Nutrients, and stocks
The nutrient medium of the Closed Bottle test contained per litre of deionized water; 8.5 mg KH2PO4, 21.75 mg K2HPO4, 33.4 mg Na2HPO4.2H2O, 22.5 mg MgSO4.7H20, 27.5 mg CaCl2, 0.25 mg FeCl3.6H2O. Ammonium chloride was omitted from the medium to prevent nitrification.
Accurate administration of the water-insoluble test substance was accomplished by dissolving 1.0 g/L of the test substance in dichloromethane (DCM). The test substance in DCM (0.6 mL) was directly added to the bottles. The solvent was allowed to evaporate by placing the bottles on a roller bank in a ventilated hood for 4 hours to obtain an even distribution of the test substance on the walls of the bottles. Next the bottles were filled with nutrient medium with inoculum and closed. The resulting concentration of test substance in the bottles was 2.0 mg/L. Sodium acetate was added to the bottles using a stock solution of 1.0 g/L.
Test procedures
The Closed Bottle test was performed according to the study plan. The study plan was developed from ISO Test Guidelines (1994). Use was made of 10 bottles with test substance and inoculum, 10 bottles treated with DCM (added and evaporated) with inoculum, 10 bottles only containing inoculum and 6 bottles with sodium acetate and inoculum.
The concentrations of the test substance, and sodium acetate in the bottles were 2.0 and 6.7 mg/L, respectively. Each of the prepared solutions was dispensed into the respective group of BOD bottles so that all bottles were completely filled without air bubbles. The zero time bottles were immediately analyzed for dissolved oxygen using an oxygen electrode. The remaining bottles were closed and incubated in the dark. Two duplicate bottles of all series were withdrawn for analyses of the dissolved oxygen concentration at day 7, 14, 21, and 28.
Calculation of the results
Calculation of endogenous respiration
The endogenous respiration (oxygen depletion in the control) was calculated as follows;
Oxygen depletion (endogenous respiration) (mg/L) = Mc (day 0) - Mc (day 28)
MC is the mean oxygen level in the control bottle with mineral salts medium and inoculum.
Calculation of the theoretical oxygen demand (ThOD)
The ThODs of Dichlorobis(n-cyclopentadienyl)titanium, and sodium acetate were calculated
from their molecular formulae and molecular weights as follows.
ThOD_NH3(mgO2 / mg) = (16(2C+0.5(H-Cl-3N)+3S+2.5P+0.5Na-O)/MW
Calculation of the biochemical oxygen demand (BOD)
Provided that the oxygen concentrations in all bottles at the start of the test were equal, the amounts of oxygen consumed in test and reference compound bottles were calculated as follows:
Oxygen consumption (mg/L) by test substance = MCS - Mt
Oxygen consumption (mg/L) by reference compound = Mc- Ma
Mc or cs the mean oxygen level in control bottles (standard) and control bottles treated with DCM (added and evaporated) n-days after the start of the test.
Mt or a is the mean oxygen concentration in the bottles containing the test substance (t) or the reference compound, sodium acetate (a), n-days after the start of the test.
The biological oxygen demand (BOD) mg/mg of the test substance and sodium acetate was
calculated by dividing the oxygen consumption by the concentration of the test substance and
sodium acetate in the closed bottle, respectively.

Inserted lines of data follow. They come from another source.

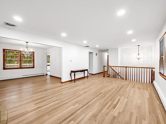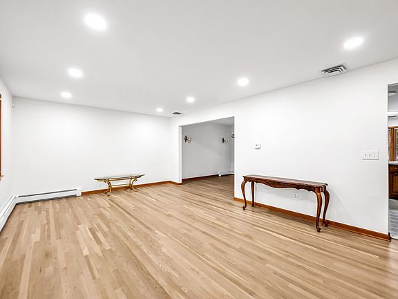 Welcoming and well-maintained 4-bedroom, 2.5-bath bi-level in a prime Paramus location on a quiet street. This move-in ready home offers an open entry foyer, formal living and dining room with hardwood floors and fresh paint throughout, and a spacious eat-in kitchen with sliders to a large deck, perfect for outdoor entertaining. The updated full hall bath serves three generously sized bedrooms, including a primary suite with dressing area and a beautifully renovated en-suite bath. The ground level features a comfortable family room with a raised-hearth brick fireplace and sliders to a patio, a fourth bedroom, updated powder room, laundry room, and direct access to the attached 2-car garage. Additional highlights include a whole-house generator, central air, and 3-zone gas hot water baseboard heat. Conveniently located near major highways, schools, shopping, and parks. Pets conditional. Tenant responsible for all utilities, lawn care, and snow removal. Available for immediate occupancy.
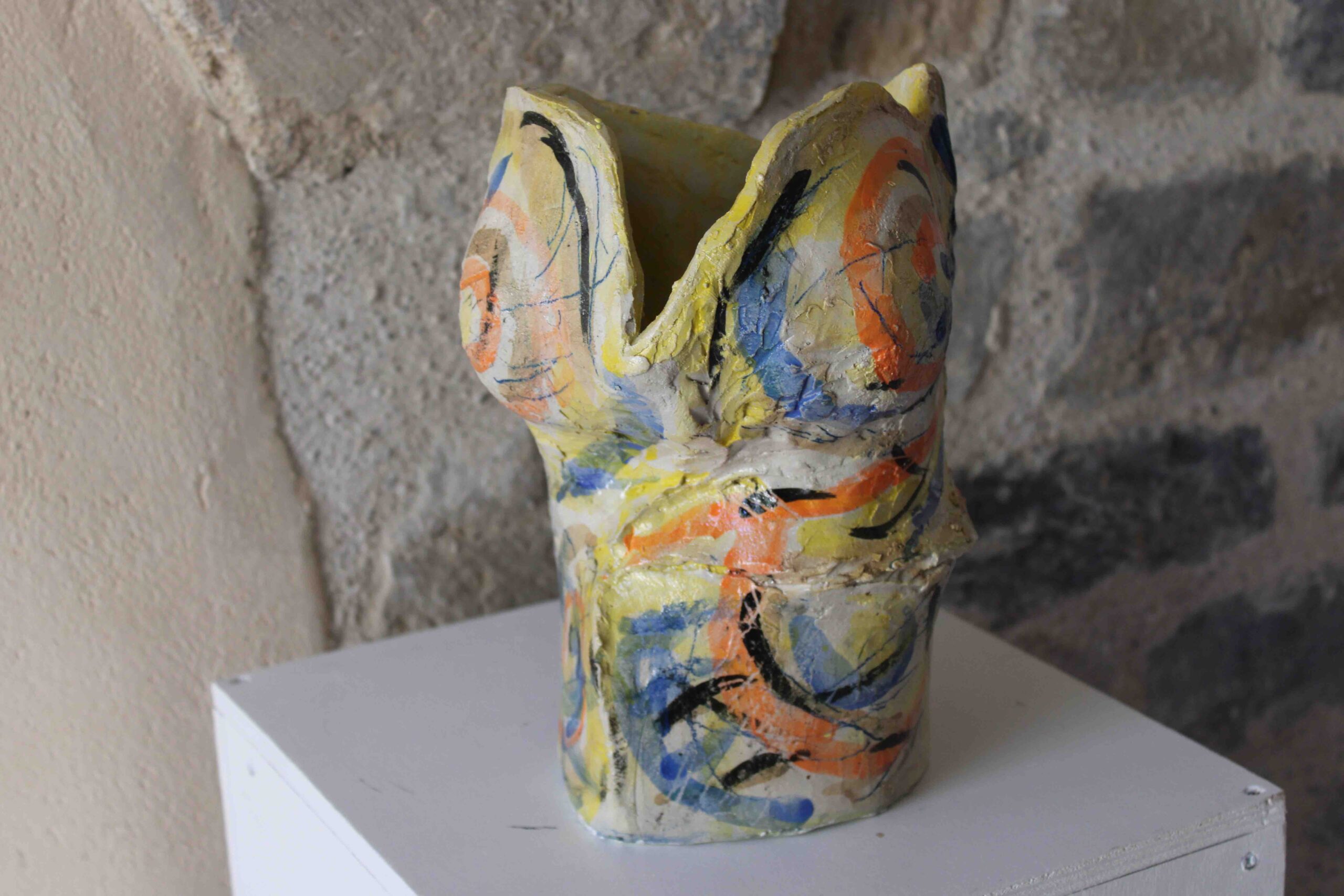hauteur 40 cm céramique cuite à 1240 °C , vernis encaustique
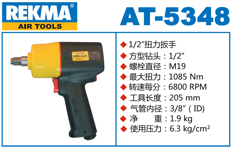 REKMA AT-5348氣動扳手特點:(塑鋼外殼,強度更高不變形,提高耐用度)
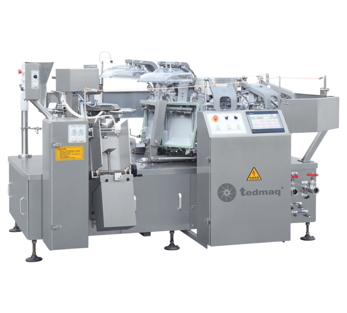 Con 18 estaciones de trabajo dispuestas de forma rotativa, este equipo realiza de manera continua las funciones de alimentación de la bolsa, apertura, dosificación del producto, vacío, sellado y enfriamiento, garantizando un empaque hermético, profesional y prolongando la vida útil del contenido.
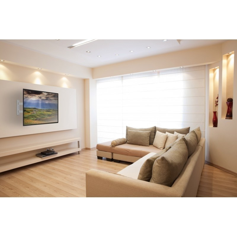Nástěnný ocelový držák s bočním natáčením na TV s uhlopříčkou 37"- 80" (109-203cm) a hmotností maximálně 50kg. VESA max 600x400, 3x pant, vertikálně výklopný +5°/-10° a horizontálně otočný +90°/-90°, vzdálenost od stěny 59-590mm, Cable Managment, barva bílá. Uchycení VESA: 200x200, 300x200, 400x200, 300x300, 400x300, 400x400, 600x400. Direction indikátor, jemné nastavení polohy oproti fixaci ve zdi +2°/-2°, rozměry 590 x 730 x 445 mm..
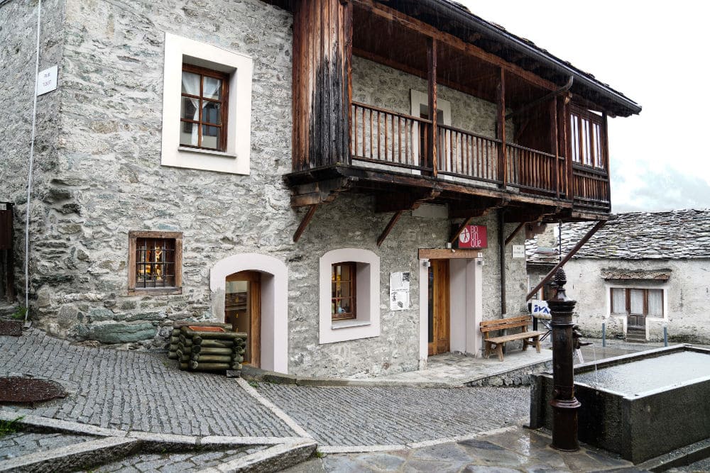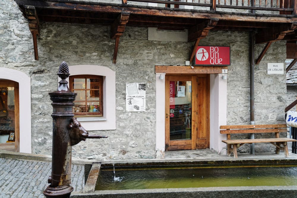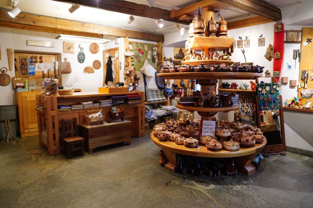 The boutique is located in Antagnod, at 1,699 meters above sea level, in a delightful village from which you can admire an incomparable view of the Monte Rosa massif. The shop is located inside a building known as “La Maison de l’Ours”, the home of the mountaineer who killed the last bear in the Aosta Valley, in the typical style of traditional Aosta Valley architecture. A historically evocative place where you can buy quality craftsmanship, the result of expert technical mastery.
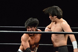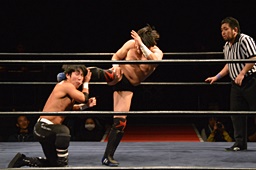 丸山ロープに飛ぶ、佐藤フランケンシュタイナー(右写真)、
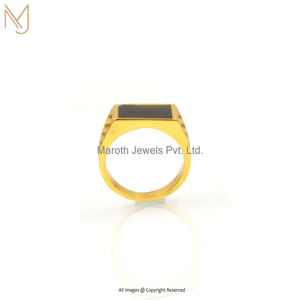 14K Yellow Gold Black Enamel Ring Manufacturer
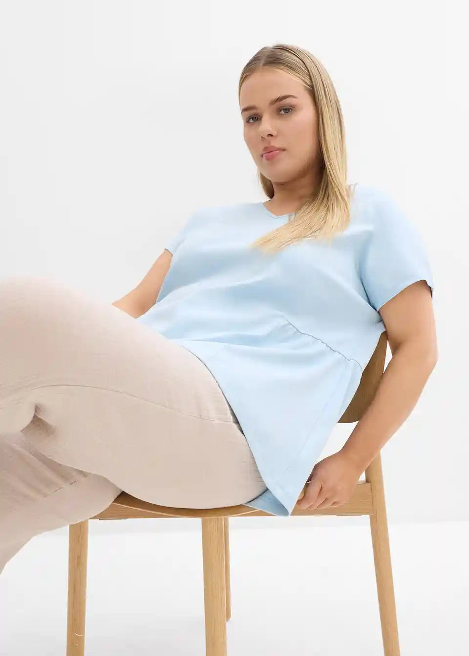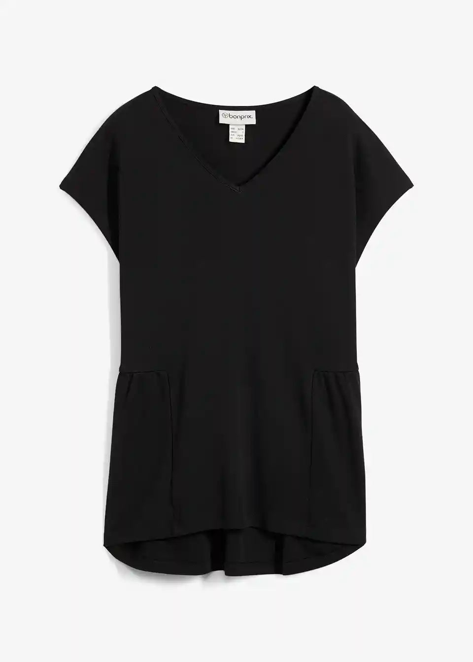 Shirt in A-Linie mit Taillennaht und hinten verlängertem Saum
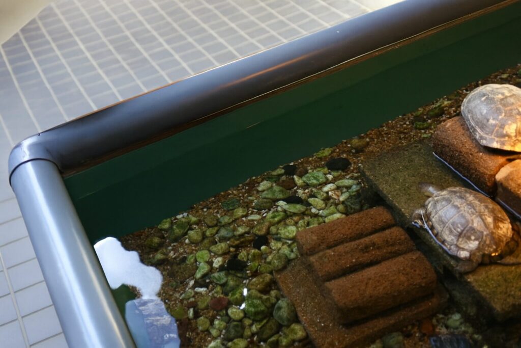 立派なウミガメたちよりも、子どもたちが夢中になったのは、家でも飼えそうな小さなカメでした。 じーっと睨めっこしていて、まったく動かないカメに話しかけたりしていました。
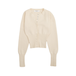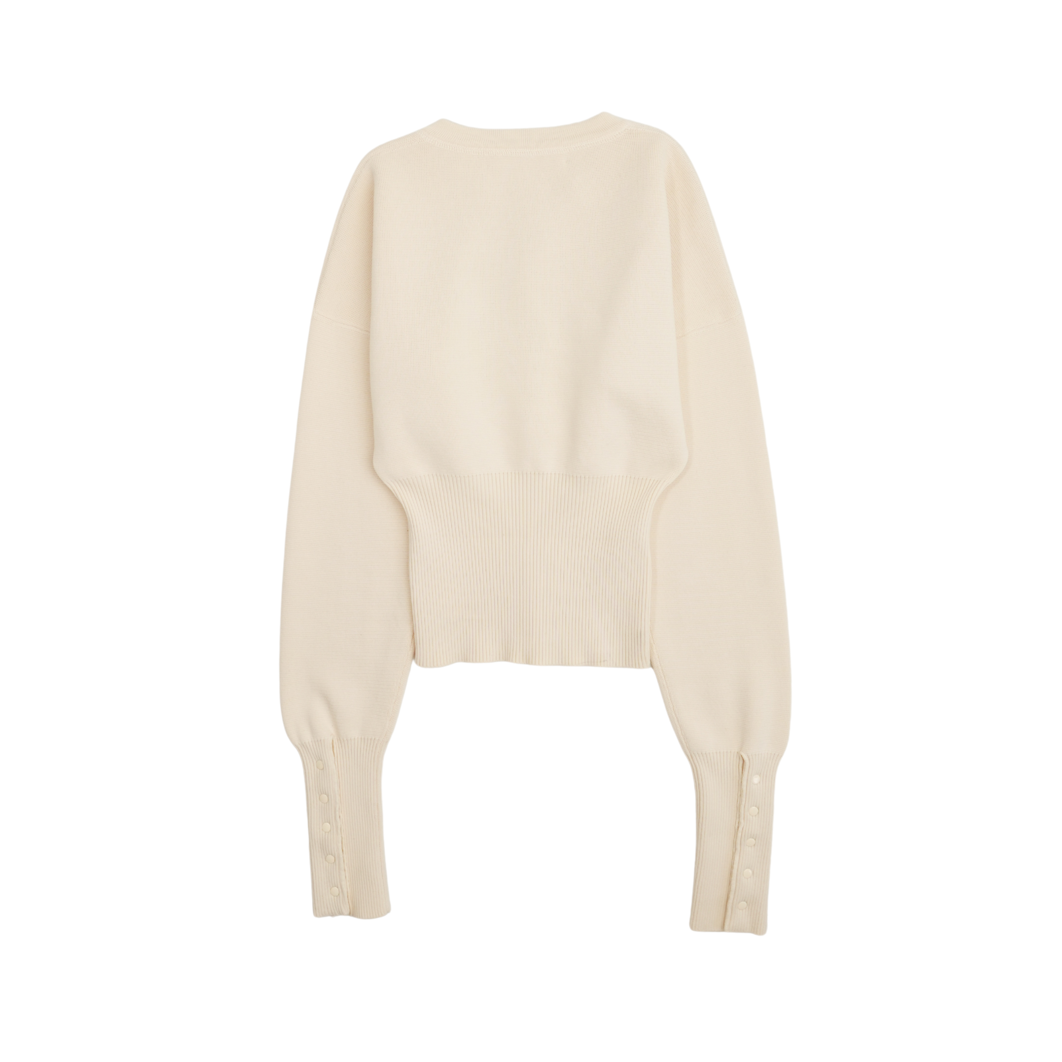 Orseund Iris 'The Weekend' knit cardigan in a cream cotton-silk blend. Features ribbed waist and cuff details for cinched effect, monochromatic cream snap buttons down front and on sleeves.
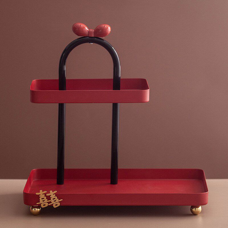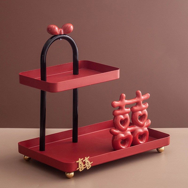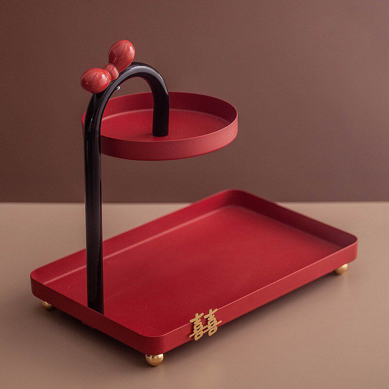 红色喜庆收e纳摆件入户玄关客厅桌面装饰品门口鞋柜电视柜置物架
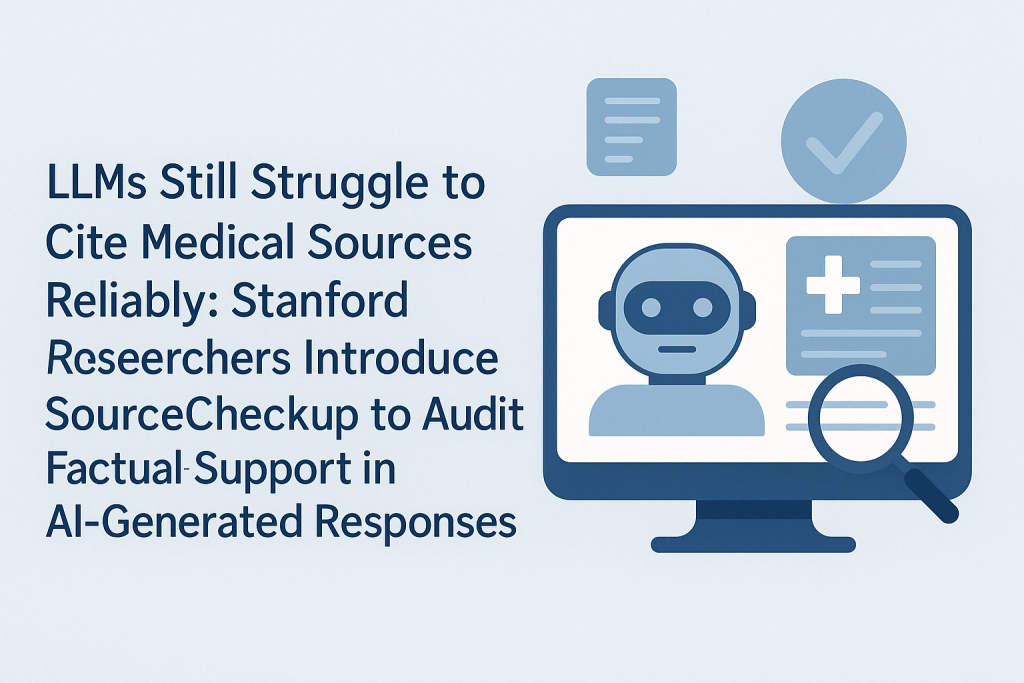 Researchers from Stanford University and other institutions have developed SourceCheckup, an automated tool designed to evaluate the accuracy with which LLMs support their medical responses with relevant sources. Analyzing 800 questions and over 58,000 source-statement pairs, they found that 50%–90 % of LLM-generated answers were not fully supported by cited sources, with GPT-4 showing unsupported claims in about 30% of cases. Even LLMs with web access struggled to provide source-backed responses consistently. Validated by medical experts, SourceCheckup revealed significant gaps in the reliability of LLM-generated references, raising critical concerns about their readiness for use in clinical decision-making.
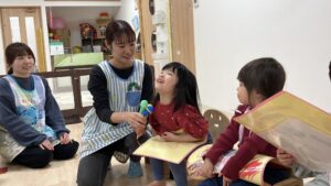 また、さくらっこ保育園で楽しかったことを聞いてみると、おやつが美味しかった、アンパンマンブロックがたのしかった等たくさんこたえてくれました!ぱんだグループさんのご希望により、マイクは三本つかって記者会見スタイルです(笑)
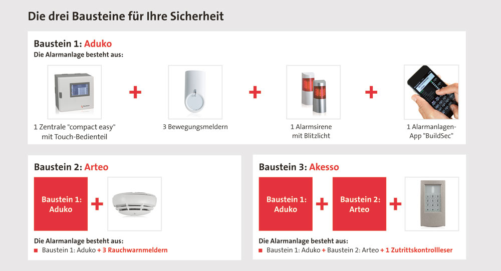 Das Einsteigerpaket Aduko schützt mit Sicherheitskomponenten wie drei Bewegungsmeldern vor Einbruch, Arteo zusätzlich vor Brand und Akesso bietet noch eine Zutrittskontrolle, sodass einzelne Bereiche im Haus nur von berechtigten Personen betreten werden können. Wer dies alles auch von unterwegs aus über sein Telefon oder Pad steuern möchte, kann die Alarmanlagen-App „BuildSec“ nutzen.

Calculation of the biodegradation percentages
The biodegradation was calculated as the ratio of the biochemical oxygen demand (BOD) to
the theoretical oxygen demand (ThOD). - Reference substance:
- acetic acid, sodium salt
- Test performance:
- The pH of the media was 7.3 at the start of the test. The pH of the media at day 28 was 7.4 (test) and 7.3 (control (DCM added and evaporated) and standard control). Temperatures were within the prescribed temperature range of 22 to 24°C.
- Parameter:
- % degradation (O2 consumption)
- Value:
- 0
- Sampling time:
- 28 d
- Details on results:
- Theoretical oxygen demand (ThOD)
The calculated theoretical oxygen demand (ThOD) of the test substance is 1.7 g oxygen/g test substance. The ThOD was calculated by assuming that Ti was oxidized to TiO2. The ThOD of sodium acetate is 0.8 mg/mg.
Toxicity
Inhibition of the degradation of a well-degradable compound, e.g. sodium acetate by the test substance in the Closed Bottle test was not determined because possible toxicity of
dichlorobis(η-cyclopentadienyl)titanium to microorganisms degrading acetate is not relevant. Inhibition of the endogenous respiration of the inoculum by the test substance at day 7 was not detected. Therefore, no inhibition of the biodegradation due to the "high" initial test substance concentration is expected.
Biodegradability
Dichlorobis(n-cyc|opentadienyl)titanium was not biodegraded (0% after 28 days) in the Closed Bottle test and should therefore not be classified as readily biodegradable. The lack of biodegradation in the Closed Bottle test does not mean that the test substance is recalcitrant in nature because the stringency of the test procedures could account for the recalcitrance in the Closed Bottle test. - Parameter:
- ThOD
- Value:
- 1.7 g O2/g test mat.
- Results with reference substance:
- The validity of the test is demonstrated by an endogenous respiration of 0.8 mg/L at day 28. Furthermore, the differences of the replicate values at day 28 were less than 20%.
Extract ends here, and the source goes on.